In part 4 of this series we configured two ESXi hosts to host our lab. In this part we will setup a Windows Server 2012 R2 Core virtual machine and configure it as a domain controller in a separate root domain. We will then configure a forest trust to our production domain so that our users can authenticate.
Other posts in this series
- Physical infrastructure – storage
- Physical infrastructure – networking
- Physical infrastructure – compute
- Authentication services
- Deploy and configure the vCenter Server Appliance
- Configure vCenter Server Appliance SSL certificates
- Deploy and configure the vRA Appliance
- Deploy and configure the IaaS platform
- Configure tenants
- Configure endpoint & fabric/business groups
- Configure blueprints (coming soon)
- Configure entitlements (coming soon)
- Configure policies (coming soon)
- Integration with vCloud Air (coming soon)
- Tidy up (coming soon)
When designing the lab security was highlighted as a concern. Due to the nature of a lab, it was important to ensure that the environment was segregated from the main production network at both a physical and logical level. In the event someone mis-configures something and creates a weakness in security, then this can be confined to the lab environment.

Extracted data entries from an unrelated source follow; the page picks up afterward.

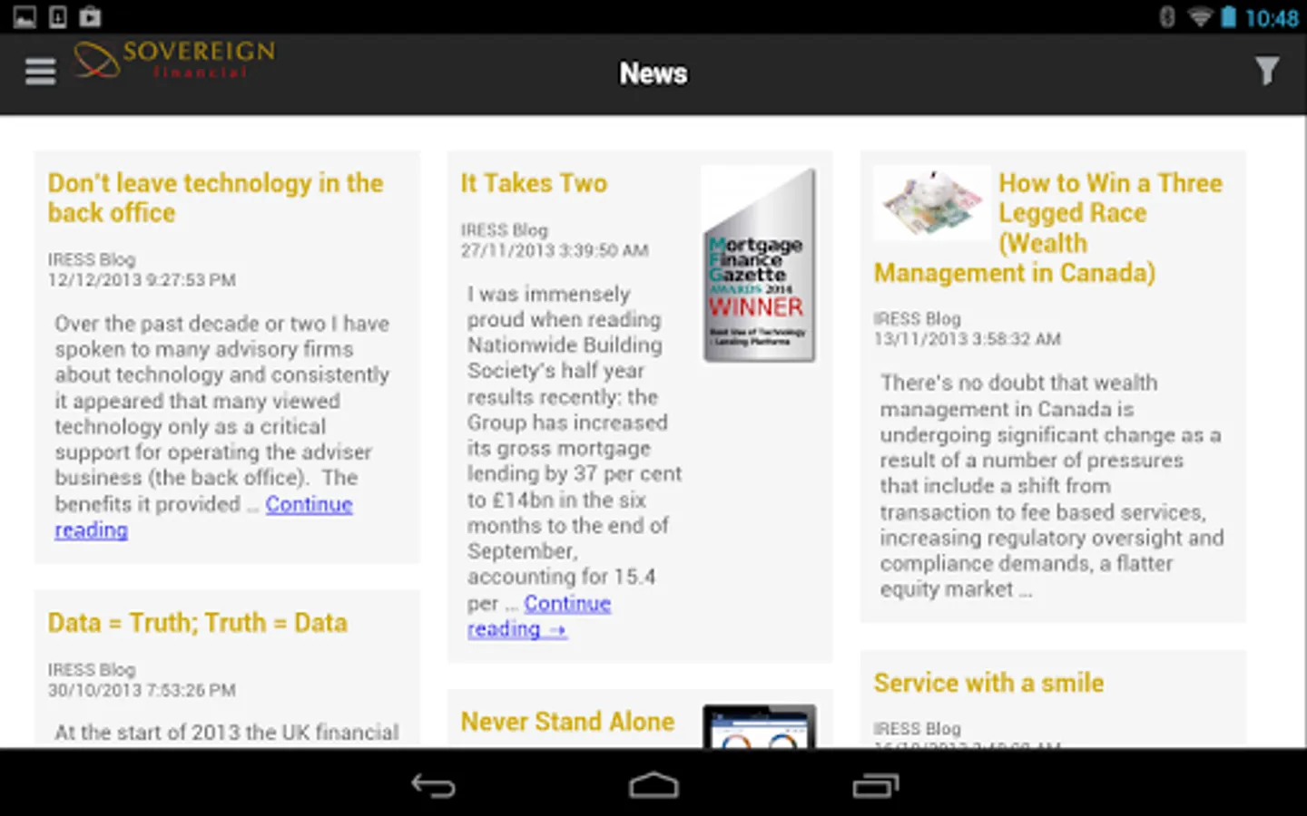 Clients of Sovereign Financial Group can now access their portfolio on an Android tablet or phone.
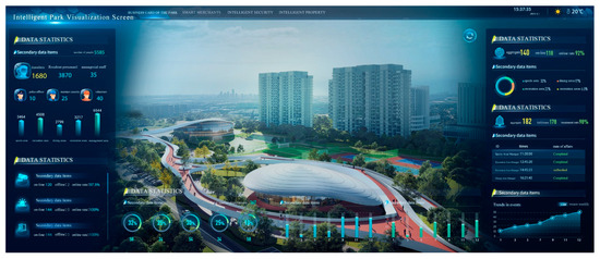 Entering the design operation and management stage of the smart city park, the digital twin platform realizes the seamless connection between the physical and virtual worlds and supports the real-time monitoring of the overall operation status of the park, covering various aspects such as energy consumption and equipment operation. Through real-time data feedback, the platform provides services such as intelligent energy management, intelligent inspection, intelligent maintenance, and intelligent fire warning to ensure the efficient and safe operation of the park and improve user experience and service quality, as shown in Figure 11.
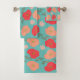 Spring Floral Pattern Hand Drawn Teal Peach Bath Towel Set
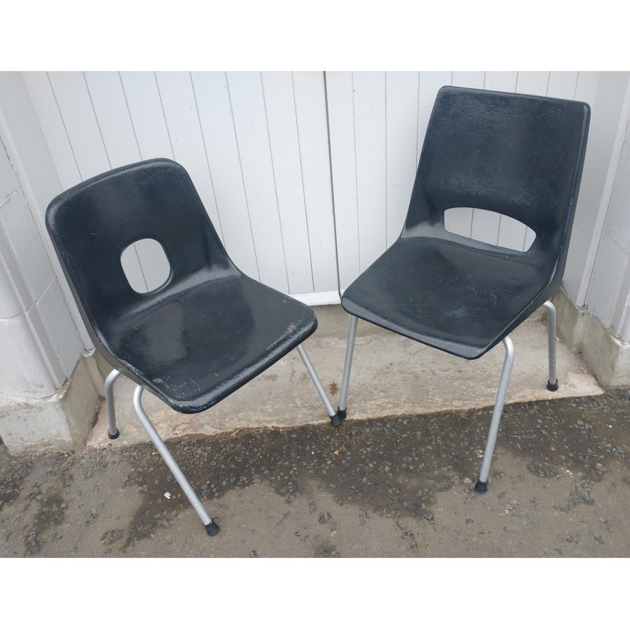Two stackable plastic chairs in good usable condition. Each stands 72cm approx.
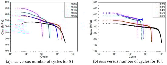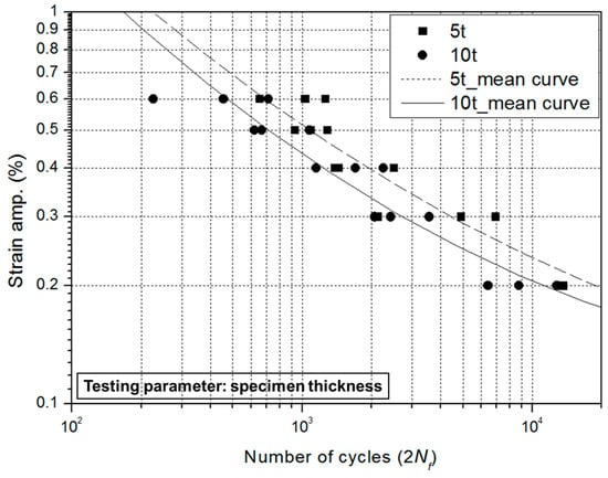 In general, there are three different characteristics (short hardening, slight softening, and significant secondary hardening) under the cyclic behavior of AISI 304L base metal [3,20]. It is noted that the softening behavior of AISI 304L depends on the applied strain amplitude. However, the cyclic behavior of the welded joint is different from that of the base metal. In the case of the welded joint, it can be seen that cyclic softening during LCF tests was observed in the entire region after finishing short hardening in the early cyclic region between 1 and 10 cycles. In particular, this result showed that the cyclic behavior of the welded joint was similar to a characteristic of weldment in [20]. Figure 6 shows the strain–life curves for two different thicknesses (5 mm and 10 mm) under a strain ratio of R = 0. The 5 t and 10 t described in figures and table are 5 mm thickness and 10 mm thickness, respectively. In the comparative results, it was observed a small difference between strain–life curves of 5 mm and 10 mm. This result is similar to a tendency in the high-cycle region wherein the fatigue strength is increased with a reduction in the specimen thickness. However, this is an experimental observation and more test data is required to explain the thickness effect.
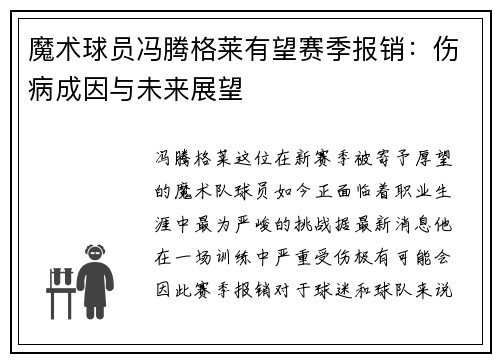 魔术球员冯腾格莱有望赛季报销:伤病成因与未来展望

When considering the security boundary for user authentication, two options were highlighted. The first was to utilise the existing production domain for all services, but implement a read-only domain controller to enhance security.
The second option was to create a standalone domain dedicated to hosting lab resources, and use a forest trust between this and the production domain. This would enable users from the production domain to authenticate in the lab.
We decided to implement the second option to avoid “polluting” the production domain with necessary computer and user objects.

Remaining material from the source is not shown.